### What you are asked to do
Could you repeat the records below exactly, leaving out any pictures?

Segment Start: Data for this task

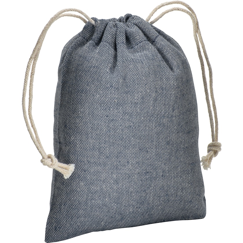 Kleine Baumwolltasche aus recycelter Baumwolle. Der Stoff ist 150 Gramm schwer und leicht meliert.
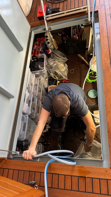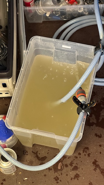 Anfang März, während unserem letzen Besuch auf der Kelpie haben wir die Trinkwasserleitungen gereinigt. Christoph installierte dazu einen Wasserkreislauf. So konnte er die Reinigungsmittel mehrmals durchlaufen lassen. Eine ganz schön unappetitliche Brühe. 🤮
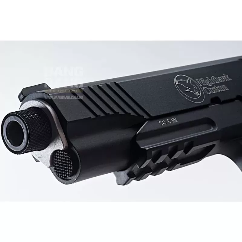 A lot has changed since the original RWA Nighthawk Recon as the CO2 COVERT OPS version steps it up a notch. The most obvious part is the suppressor that comes with it that sits on a 14mm CCW thread. It also features Nighthawk Custom gator grips which is far more comfortable to hold. The trigger now has a slight groove making it a little lighter than its older brother, the Recon. The outer barrel is much lighter and is now chrome which is very beautiful against the black.This product has a RWA Floating Valve for Nighthawk / SPS / KWC 1911 installed with another spare in the box. It allows more reliable shot-to-shot power (FPS) and reduces your FPS down to a stable 290 - 310 fps which is more CQB friendly. It also offers an accessory rail system for attaching flashlights and lasers for tactical use. This will most certainly make you feel like a spy or an agent as you walk around CQB arenas taking your shots from the dark. It does replicate a real single stack 1911 with the same dimensions, functional features, field stripping and shooting mechanics. It is designed to deliver solid performance at an affordable price. Removable and re-loadable full size 17 round magazine means you can also practice fast reloads using the realistic slide lock feature.
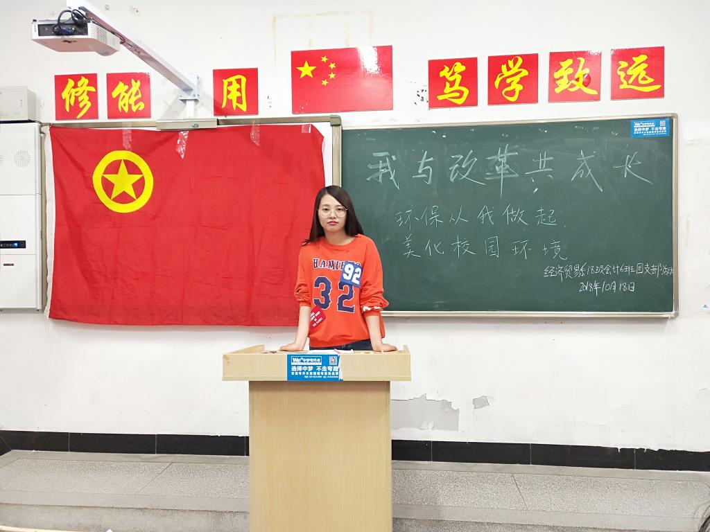 为了广泛宣传保护环境从我做起全民活动,充分展现了新时代人的良好精神风貌,引导和激励同学们充分了解保护环境的意义和深远影响。18级会计六班于10月18日19点半在经贸楼1209教室开展了“我与改革共成长,环保从我做起”主题团日活动。本次活动由团支书吴张宝主持,会计六班全体人员到场参加。
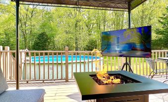 Enjoy our game room where you can sing karaoke, play over 3,000 classic games and write on our giant chalk board wall. Outside enjoy swimming in your own private pool, play a game of corn hole and hang on our deck for a relaxing time.

Segment End: Data for this task

### Exercise output
 Kleine Baumwolltasche aus recycelter Baumwolle. Der Stoff ist 150 Gramm schwer und leicht meliert.
 Anfang März, während unserem letzen Besuch auf der Kelpie haben wir die Trinkwasserleitungen gereinigt. Christoph installierte dazu einen Wasserkreislauf. So konnte er die Reinigungsmittel mehrmals durchlaufen lassen. Eine ganz schön unappetitliche Brühe. 🤮
 A lot has changed since the original RWA Nighthawk Recon as the CO2 COVERT OPS version steps it up a notch. The most obvious part is the suppressor that comes with it that sits on a 14mm CCW thread. It also features Nighthawk Custom gator grips which is far more comfortable to hold. The trigger now has a slight groove making it a little lighter than its older brother, the Recon. The outer barrel is much lighter and is now chrome which is very beautiful against the black.This product has a RWA Floating Valve for Nighthawk / SPS / KWC 1911 installed with another spare in the box. It allows more reliable shot-to-shot power (FPS) and reduces your FPS down to a stable 290 - 310 fps which is more CQB friendly. It also offers an accessory rail system for attaching flashlights and lasers for tactical use. This will most certainly make you feel like a spy or an agent as you walk around CQB arenas taking your shots from the dark. It does replicate a real single stack 1911 with the same dimensions, functional features, field stripping and shooting mechanics. It is designed to deliver solid performance at an affordable price. Removable and re-loadable full size 17 round magazine means you can also practice fast reloads using the realistic slide lock feature.
 为了广泛宣传保护环境从我做起全民活动,充分展现了新时代人的良好精神风貌,引导和激励同学们充分了解保护环境的意义和深远影响。18级会计六班于10月18日19点半在经贸楼1209教室开展了“我与改革共成长,环保从我做起”主题团日活动。本次活动由团支书吴张宝主持,会计六班全体人员到场参加。
 Enjoy our game room where you can sing karaoke, play over 3,000 classic games and write on our giant chalk board wall. Outside enjoy swimming in your own private pool, play a game of corn hole and hang on our deck for a relaxing time.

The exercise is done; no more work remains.